The odor was horrid. I breathed through my mouth and pulled her down from the bed and dragged her upstairs to the bath. There I stripped her clothes off and wiped her like an overgrown baby as she lay on the bath mat. Then I filled the bath with cold water and lowered her in. I propped her head up so that she would not slide under and fetched a squeeze bottle I once used to force-feed a pup whose bitch had died. As she lay in the cold water, I forced the nozzle into her mouth and made her drink. She choked at first, coughing and spitting, but did not regain consciousness. Then finally she began drinking the water, emptying the bottle. Just as soon, she voided herself in the tub. I drained the water, cleaned her off once more, and filled the tub again. This process I must have repeated ten times that first afternoon, and finally, at sunset, I began to notice a drop in her temperature—from 104 to 103. But she was far from being out of danger and was even beginning to eliminate blood.

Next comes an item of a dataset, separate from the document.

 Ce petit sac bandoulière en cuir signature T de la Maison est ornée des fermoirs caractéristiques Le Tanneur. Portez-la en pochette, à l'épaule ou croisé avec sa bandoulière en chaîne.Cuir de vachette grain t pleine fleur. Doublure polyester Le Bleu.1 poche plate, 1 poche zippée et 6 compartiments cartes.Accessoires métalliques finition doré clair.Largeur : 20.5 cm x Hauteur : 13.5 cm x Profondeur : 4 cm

For me, these hours were spent in a blurry nonreflective haze. I was exhausted and dreaded the long night. Light from the sunset poured into the bathroom, turning the tile and tub a fiery red. It threw shadows of the window sash across Miss O’Brien, making the sign of the cross on her breasts. Her face was not contorted or twisted in pain, but looked very peaceful and far away. Her breasts half floated in the water, two misplaced fishing bobs rosy in the sunset. It had been many years since I had the chance to simply appreciate looking at a woman’s body. Don’t get me wrong: I was not being a cheap voyeur at this point. I felt a true intimate of the woman, as much as if we’d slept together. And then, once more, she voided herself and her eyes opened momentarily, consciousness flooding her at this most private moment, and she looked at me pleadingly, her face full of shame.

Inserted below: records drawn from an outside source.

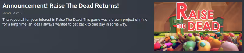 Thank you all for your interest in Raise The Dead! This game was a dream project of mine for a long time, an idea I always wanted to get back to one day in some way.
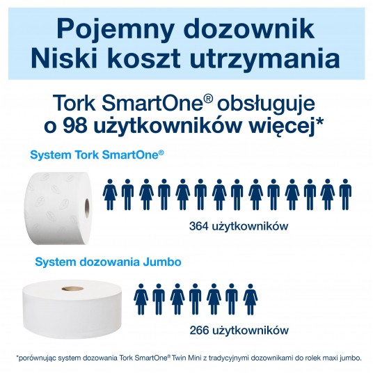 Podajnik na papier toaletowy w rolce Tork smartone®, biały t8, duża pojemność, seria elevation, 680000
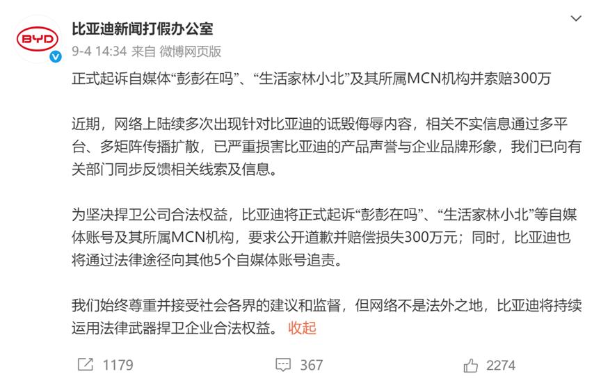 针对部分自媒体及其关联MCN机构的恶意抹黑行为,比亚迪已于9月4日正式提起诉讼,要求公开道歉并索赔300万元。同时,另有5个自媒体账号因长期发布不实信息,已被纳入法律追责程序。

I kept her wrapped in cool wet sheets all that night up in my own room, handy to the bathroom, and rigged up huge diapers out of bath towels and pillow slips. I forced water into her at intervals, but the swallowing also activated her sphincter and the water was passed out of her almost as fast as it entered. I fell into a fitful sleep at one point toward morning and had the dream I have not had in years: the Eichmann trial in Jerusa
lem is running in full Technicolor in my head, but I am Eichmann and I must listen to all the lies of those supposed survivors of Nazi persecution. It is a terrible dream, not because I feel any guilt, but because no one believes me when I rationally and logically tell them that I had little knowledge of such events. That I was, at first, a simple transport officer responsible for getting people and things from point A to point B. After all, if I were guilty of the horrendous crimes they say I am, would I not dream about the victims? Would I not see newsreel footage of bodies stacked like so much cordwood just as the Allied propaganda machine served up after the war? And if I were such a beast, then why would I be degrading myself so by helping the Irish, a woman who directly endangers my life? But the prosecution says this line of evidence is inadmissible.

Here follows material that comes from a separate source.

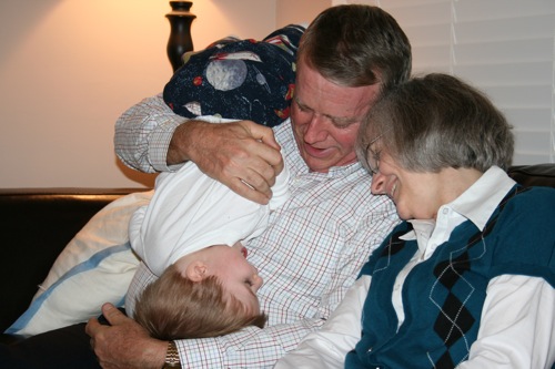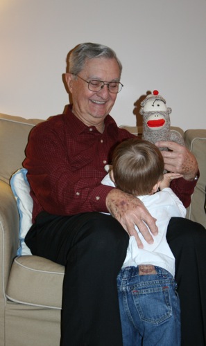 Reading with Gran, Greatdaddy, and Monkey:

I awake sweating and crying out, “But it’s true I tell you!” Then I see the gray pellucid light that comes just before sunrise and I recognize the Irish’s form on my bed, and I know things are all right. I have only been dreaming and I go to her, thinking I will need to change her diaper once again, yet there is no vile odor coming from her. She is bathed in sweat just as I am. A good sign. I insert the rectal thermometer: even better. Her temperature has dropped to 101. The fever is breaking. I replace the diaper and wrap her now in dry sheets and a warm blanket. She seems to be aware of my ministrations, for as I gently wipe her forehead with a damp towel, she sighs and then falls into a sound and contented sleep until midday.